Your reply must contain the full listing below, reproduced exactly, but no pictures.

Data extract START

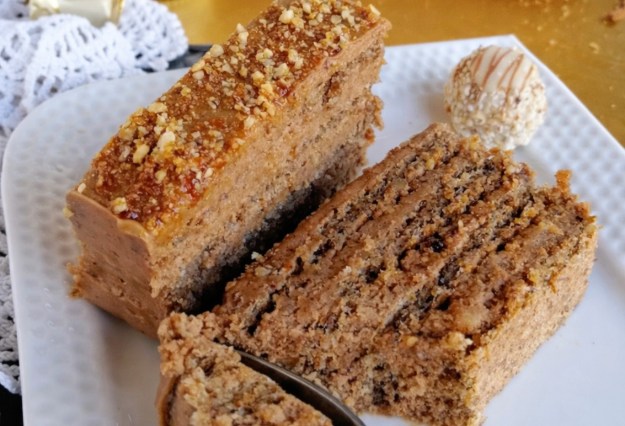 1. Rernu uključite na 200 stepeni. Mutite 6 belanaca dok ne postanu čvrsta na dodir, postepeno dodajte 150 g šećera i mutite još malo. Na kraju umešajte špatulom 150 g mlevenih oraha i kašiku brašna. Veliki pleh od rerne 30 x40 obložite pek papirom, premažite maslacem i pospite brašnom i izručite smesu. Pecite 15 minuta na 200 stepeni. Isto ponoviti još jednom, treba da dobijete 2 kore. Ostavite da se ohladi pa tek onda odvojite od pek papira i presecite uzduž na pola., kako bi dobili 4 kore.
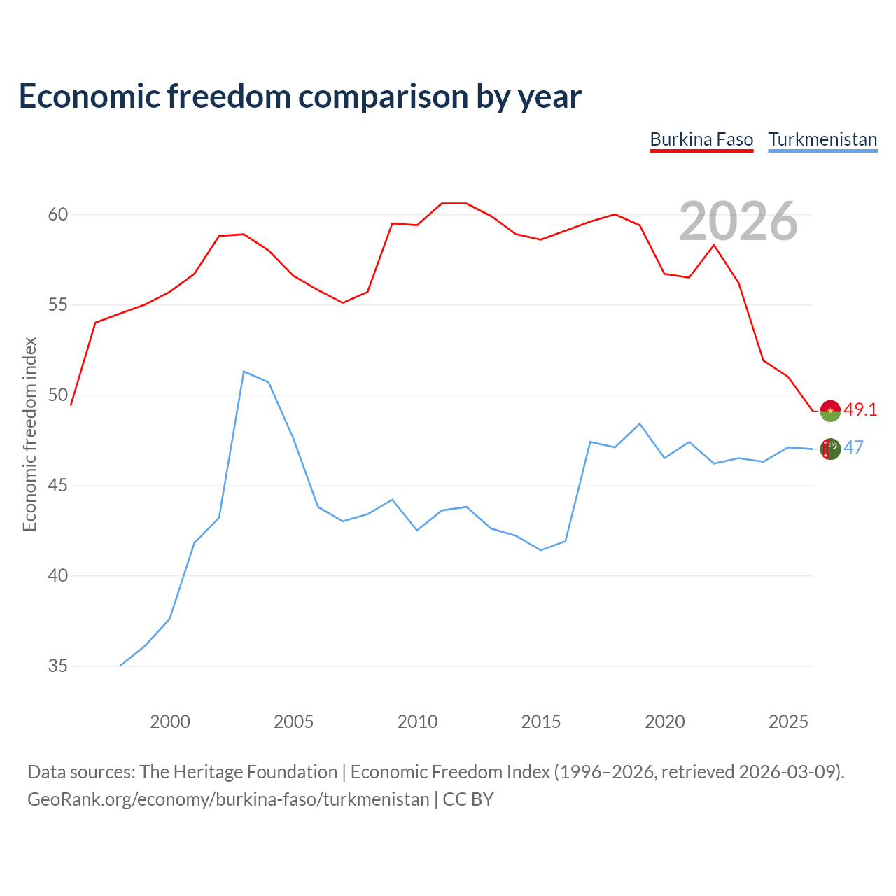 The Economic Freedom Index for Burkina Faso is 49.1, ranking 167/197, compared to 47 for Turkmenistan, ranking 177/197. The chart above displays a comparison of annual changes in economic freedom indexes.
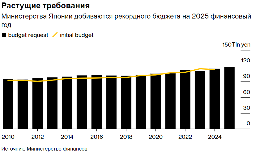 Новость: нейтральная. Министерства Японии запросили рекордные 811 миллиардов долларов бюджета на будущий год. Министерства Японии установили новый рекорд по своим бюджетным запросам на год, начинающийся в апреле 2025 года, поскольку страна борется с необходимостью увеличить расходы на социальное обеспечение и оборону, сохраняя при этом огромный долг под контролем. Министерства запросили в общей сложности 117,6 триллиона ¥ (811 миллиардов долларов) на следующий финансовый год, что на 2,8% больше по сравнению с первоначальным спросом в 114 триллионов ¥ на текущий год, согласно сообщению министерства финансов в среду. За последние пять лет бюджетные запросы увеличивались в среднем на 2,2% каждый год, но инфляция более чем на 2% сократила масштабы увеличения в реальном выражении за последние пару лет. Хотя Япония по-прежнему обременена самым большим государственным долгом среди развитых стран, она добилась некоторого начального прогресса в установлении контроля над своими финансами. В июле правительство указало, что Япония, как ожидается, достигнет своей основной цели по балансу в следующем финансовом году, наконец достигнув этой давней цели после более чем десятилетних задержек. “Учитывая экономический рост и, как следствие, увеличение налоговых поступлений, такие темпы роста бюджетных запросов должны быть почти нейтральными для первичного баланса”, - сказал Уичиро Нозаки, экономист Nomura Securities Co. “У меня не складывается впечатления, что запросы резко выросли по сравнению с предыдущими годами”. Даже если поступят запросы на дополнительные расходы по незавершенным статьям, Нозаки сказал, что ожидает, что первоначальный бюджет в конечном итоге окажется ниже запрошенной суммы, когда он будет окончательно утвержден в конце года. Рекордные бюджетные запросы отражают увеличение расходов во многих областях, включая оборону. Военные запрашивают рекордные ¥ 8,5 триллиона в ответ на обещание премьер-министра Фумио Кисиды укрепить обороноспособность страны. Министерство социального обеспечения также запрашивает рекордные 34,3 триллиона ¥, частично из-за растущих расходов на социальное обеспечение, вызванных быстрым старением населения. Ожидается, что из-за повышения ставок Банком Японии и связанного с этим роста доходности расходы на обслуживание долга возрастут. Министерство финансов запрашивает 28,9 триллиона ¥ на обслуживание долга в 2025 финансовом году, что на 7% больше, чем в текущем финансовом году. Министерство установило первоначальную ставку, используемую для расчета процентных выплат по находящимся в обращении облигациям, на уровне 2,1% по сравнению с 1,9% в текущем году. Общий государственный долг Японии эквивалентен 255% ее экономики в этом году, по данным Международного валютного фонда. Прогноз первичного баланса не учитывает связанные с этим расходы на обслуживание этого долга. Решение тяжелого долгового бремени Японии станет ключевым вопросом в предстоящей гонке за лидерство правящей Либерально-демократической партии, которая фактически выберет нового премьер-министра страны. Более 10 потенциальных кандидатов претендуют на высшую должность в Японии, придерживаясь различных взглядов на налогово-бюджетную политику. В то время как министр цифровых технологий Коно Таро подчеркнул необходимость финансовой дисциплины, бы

Data extract END

-- Expected answer --
 1. Rernu uključite na 200 stepeni. Mutite 6 belanaca dok ne postanu čvrsta na dodir, postepeno dodajte 150 g šećera i mutite još malo. Na kraju umešajte špatulom 150 g mlevenih oraha i kašiku brašna. Veliki pleh od rerne 30 x40 obložite pek papirom, premažite maslacem i pospite brašnom i izručite smesu. Pecite 15 minuta na 200 stepeni. Isto ponoviti još jednom, treba da dobijete 2 kore. Ostavite da se ohladi pa tek onda odvojite od pek papira i presecite uzduž na pola., kako bi dobili 4 kore.
 The Economic Freedom Index for Burkina Faso is 49.1, ranking 167/197, compared to 47 for Turkmenistan, ranking 177/197. The chart above displays a comparison of annual changes in economic freedom indexes.
 Новость: нейтральная. Министерства Японии запросили рекордные 811 миллиардов долларов бюджета на будущий год. Министерства Японии установили новый рекорд по своим бюджетным запросам на год, начинающийся в апреле 2025 года, поскольку страна борется с необходимостью увеличить расходы на социальное обеспечение и оборону, сохраняя при этом огромный долг под контролем. Министерства запросили в общей сложности 117,6 триллиона ¥ (811 миллиардов долларов) на следующий финансовый год, что на 2,8% больше по сравнению с первоначальным спросом в 114 триллионов ¥ на текущий год, согласно сообщению министерства финансов в среду. За последние пять лет бюджетные запросы увеличивались в среднем на 2,2% каждый год, но инфляция более чем на 2% сократила масштабы увеличения в реальном выражении за последние пару лет. Хотя Япония по-прежнему обременена самым большим государственным долгом среди развитых стран, она добилась некоторого начального прогресса в установлении контроля над своими финансами. В июле правительство указало, что Япония, как ожидается, достигнет своей основной цели по балансу в следующем финансовом году, наконец достигнув этой давней цели после более чем десятилетних задержек. “Учитывая экономический рост и, как следствие, увеличение налоговых поступлений, такие темпы роста бюджетных запросов должны быть почти нейтральными для первичного баланса”, - сказал Уичиро Нозаки, экономист Nomura Securities Co. “У меня не складывается впечатления, что запросы резко выросли по сравнению с предыдущими годами”. Даже если поступят запросы на дополнительные расходы по незавершенным статьям, Нозаки сказал, что ожидает, что первоначальный бюджет в конечном итоге окажется ниже запрошенной суммы, когда он будет окончательно утвержден в конце года. Рекордные бюджетные запросы отражают увеличение расходов во многих областях, включая оборону. Военные запрашивают рекордные ¥ 8,5 триллиона в ответ на обещание премьер-министра Фумио Кисиды укрепить обороноспособность страны. Министерство социального обеспечения также запрашивает рекордные 34,3 триллиона ¥, частично из-за растущих расходов на социальное обеспечение, вызванных быстрым старением населения. Ожидается, что из-за повышения ставок Банком Японии и связанного с этим роста доходности расходы на обслуживание долга возрастут. Министерство финансов запрашивает 28,9 триллиона ¥ на обслуживание долга в 2025 финансовом году, что на 7% больше, чем в текущем финансовом году. Министерство установило первоначальную ставку, используемую для расчета процентных выплат по находящимся в обращении облигациям, на уровне 2,1% по сравнению с 1,9% в текущем году. Общий государственный долг Японии эквивалентен 255% ее экономики в этом году, по данным Международного валютного фонда. Прогноз первичного баланса не учитывает связанные с этим расходы на обслуживание этого долга. Решение тяжелого долгового бремени Японии станет ключевым вопросом в предстоящей гонке за лидерство правящей Либерально-демократической партии, которая фактически выберет нового премьер-министра страны. Более 10 потенциальных кандидатов претендуют на высшую должность в Японии, придерживаясь различных взглядов на налогово-бюджетную политику. В то время как министр цифровых технологий Коно Таро подчеркнул необходимость финансовой дисциплины, бы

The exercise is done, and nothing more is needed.